You should always allocate the amount of memory you need correctly.
The most error comes during the use of string.You should always keep in mind that there is a '\0' character present at last of the string and during the allocation its your responsibility to allocate memory for this.
Hope this helps.

what is the difference between the following two initialisations.
String literals have type char* for legacy reasons. It's good practice to only point to them via const char*, because it's not allowed to modify them.
I see the following allocation is capable enough to hold a string of arbitary length.
Wrong. This allocation only allocates memory for one character. If you tried to write more than one byte into string, you'd have a buffer overflow.
The proper way to dynamically allocate memory is simply:
char *string = malloc(your_desired_max_length);
Explicit cast is redundant here and sizeof(char) is 1 by definition.
Also: Remember that the string terminator (0) has to fit into the string too.
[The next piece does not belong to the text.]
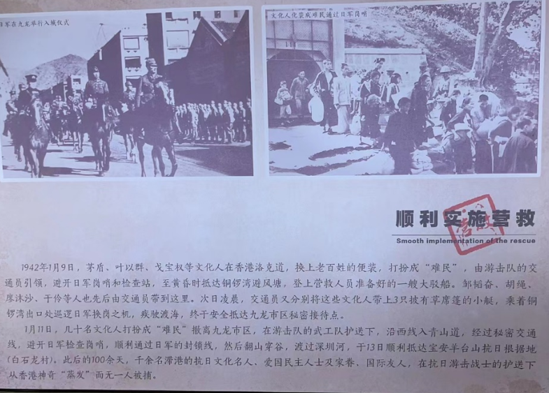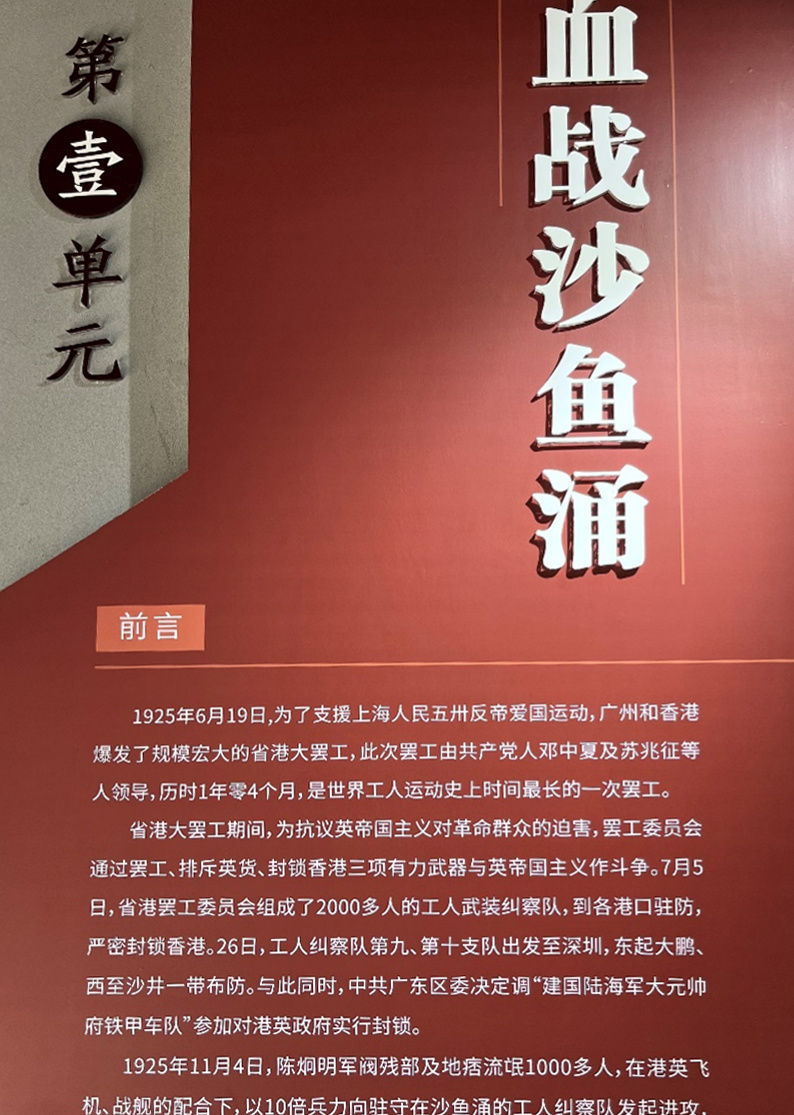 下午继续前往沙鱼涌红色记忆纪念馆参观学习,沙鱼涌红色记忆陈列馆集中展示了历史史料和烈士的遗物等红色资源、历史文化。这里曾是1946年东江纵队北撤的地方,也是香港沦陷后,东江纵队秘密营救茅盾、邹韬奋等人的登岸地点。大家仔细观看纪念馆珍藏的照片、文物,每一张图片、文物背后都有一个感人涕下的故事。红色陈列馆记录了抗日战争结束后,根据国共两党重庆谈判签署的协定,东江纵队主力需北撤烟台的情形。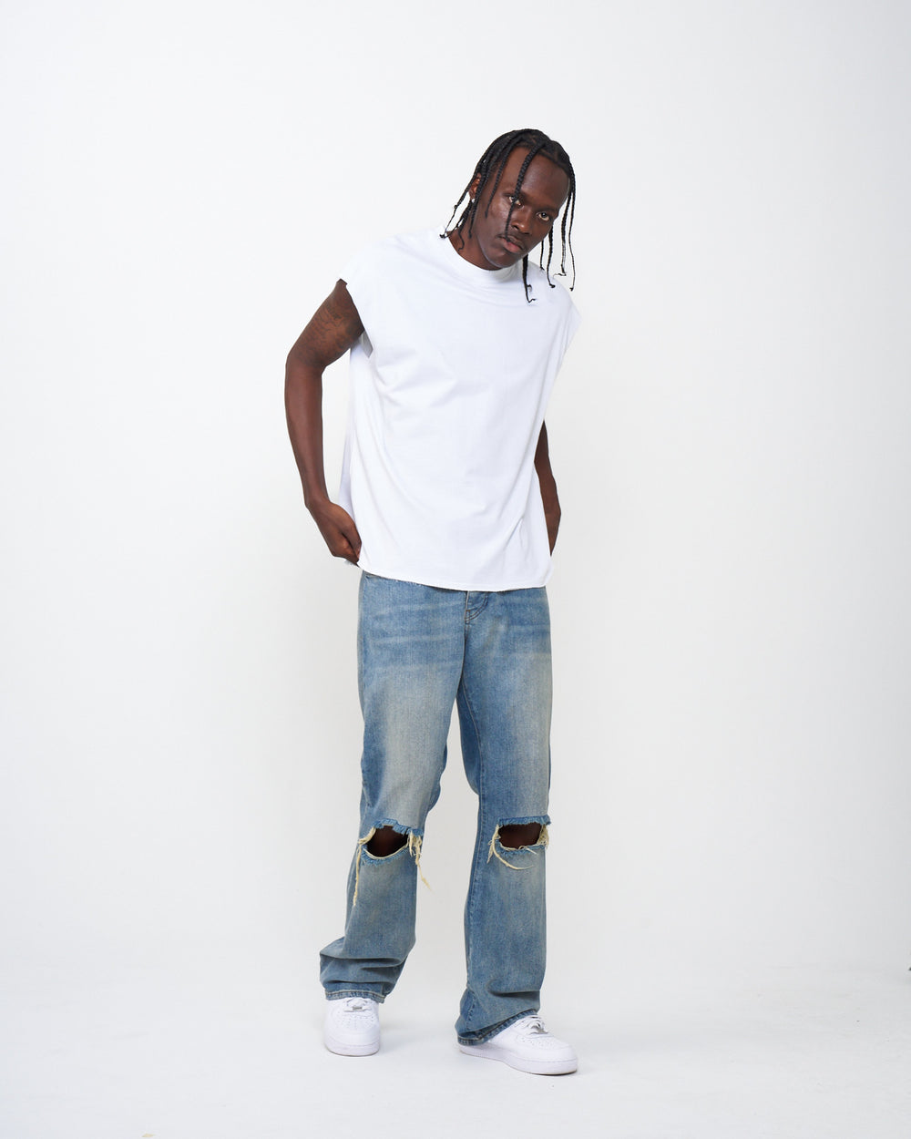 Introducing our Sleeveless 10oz Oversized Garment Dye French Terry Distressed T-Shirt, where comfort meets urban edge. Crafted from heavyweight French Terry for lasting softness and durability, this sleeveless version offers a modern twist. Each shirt undergoes meticulous garment dyeing, resulting in rich, vintage-inspired colors. Distressed detailing adds a rugged yet cool vibe. Perfect for any occasion, this tee promises style and comfort with its 100% cotton construction and is conveniently machine washable.

In the first case, you're explicitly casting the char* to a const one, meaning you're disallowing changes, at the compiler level, to the characters behind it. In C, it's actually undefined behaviour (at runtime) to try and modify those characters regardless of their const-ness, but a string literal is a char *, not a const char *.
In the second case, I see two problems.
The first is that you should never cast the return value from malloc since it can mask certain errors (especially on systems where pointers and integers are different sizes). Specifically, unless there is an active malloc prototype in place, a compiler may assume that it returns an int rather than the correct void *.
So, if you forget to include stdlib.h, you may experience some funny behaviour that the compiler couldn't warn you about, because you told it with an explicit cast that you knew what you were doing.
C is perfectly capable of implicit casting between the void * returned from malloc and any other pointer type.
The second problem is that it only allocates space for one character, which will be the terminating null for a string.
It would be better written as:
char *string = malloc (max_str_size + 1);
(and don't ever multiply by sizeof(char), that's a waste of time - it's always 1).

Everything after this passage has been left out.